The other data to be released will be largely ignored by the markets, unless the numbers are way outside of predictions.
The consumer price index, which is usually a top-tier indicator, will get only passing notice on Friday. Economists expect that prices fell 0.3 percent on the collapse in energy prices in October. The core CPI was probably flat.
The producer price index fell a record 1.6 percent in October, but commodity prices play a smaller role in the CPI than in the PPI, so the decline in consumer prices should be less.
The core PPI sank 0.5 percent because the free financing effectively cut the price of cars at the wholesale level. But don't expect a similar impact on the CPI.

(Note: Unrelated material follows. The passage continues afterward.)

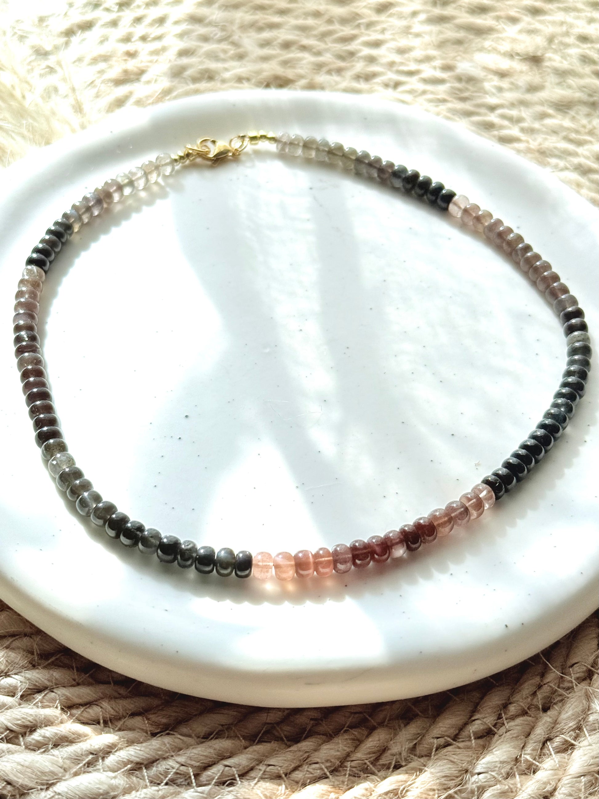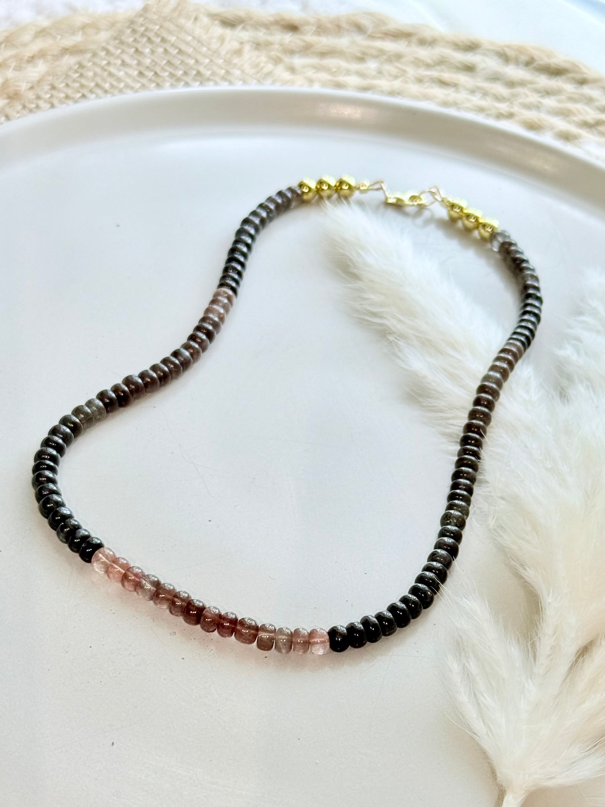 Neutral Chrysoberyl + Gold Beaded Necklace
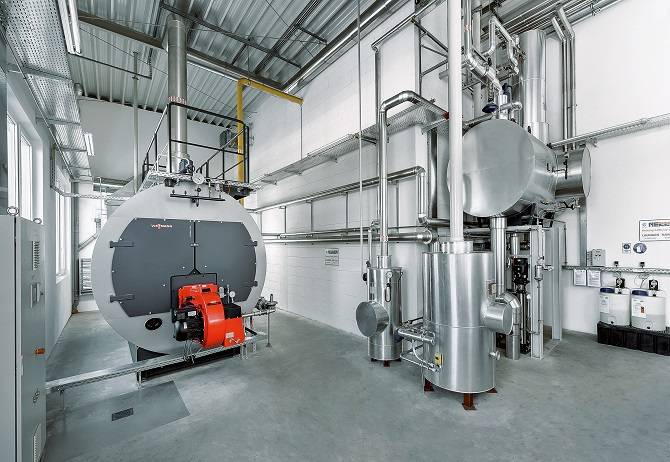 Промышленные паровые котлы, работающие на твердом топливе, отличаются большой мощностью и крупными габаритами. Они используются для отраслей пищевой, текстильной и перерабатывающей промышленности.

"The CPI car price index is based only on the price of the car itself, not the cost of financing it," said Ian Shepherdson, chief U.S. economist at High Frequency Economics.
If investors like the low inflation in the CPI number at 8:30 on Friday, they'll lose that momentum 45 minutes later when the Fed reports on industrial production for October.
Output of the nation's factories, mines and utilities has fallen 12 months in a row to a level 5.8 percent below September 2000.
Economists think it fell another 0.7 percent in October and more than a quarter of the nation's productive capacity was idle.
The decline in manufacturing seems to have accelerated in the past few months.
"While the short-term pain is severe, the silver lining is that rapid and decisive reductions in hours worked [are] establishing a strong base for accelerating productivity gains and rebounding profit margins when a pickup in demand unfolds," Kretzmer said.
Throughout the slowdown, firms have continued to add to their capacity. But that might be about to end, said John Youngdahl, economist at Goldman Sachs.
"The collapse in business fixed investment spending has brought the growth rate of industrial capacity down by more than ever before in the 34-year history of the data series," Youngdahl said.
Capacity has fallen in just one quarter since 1967: the fourth quarter of 1975.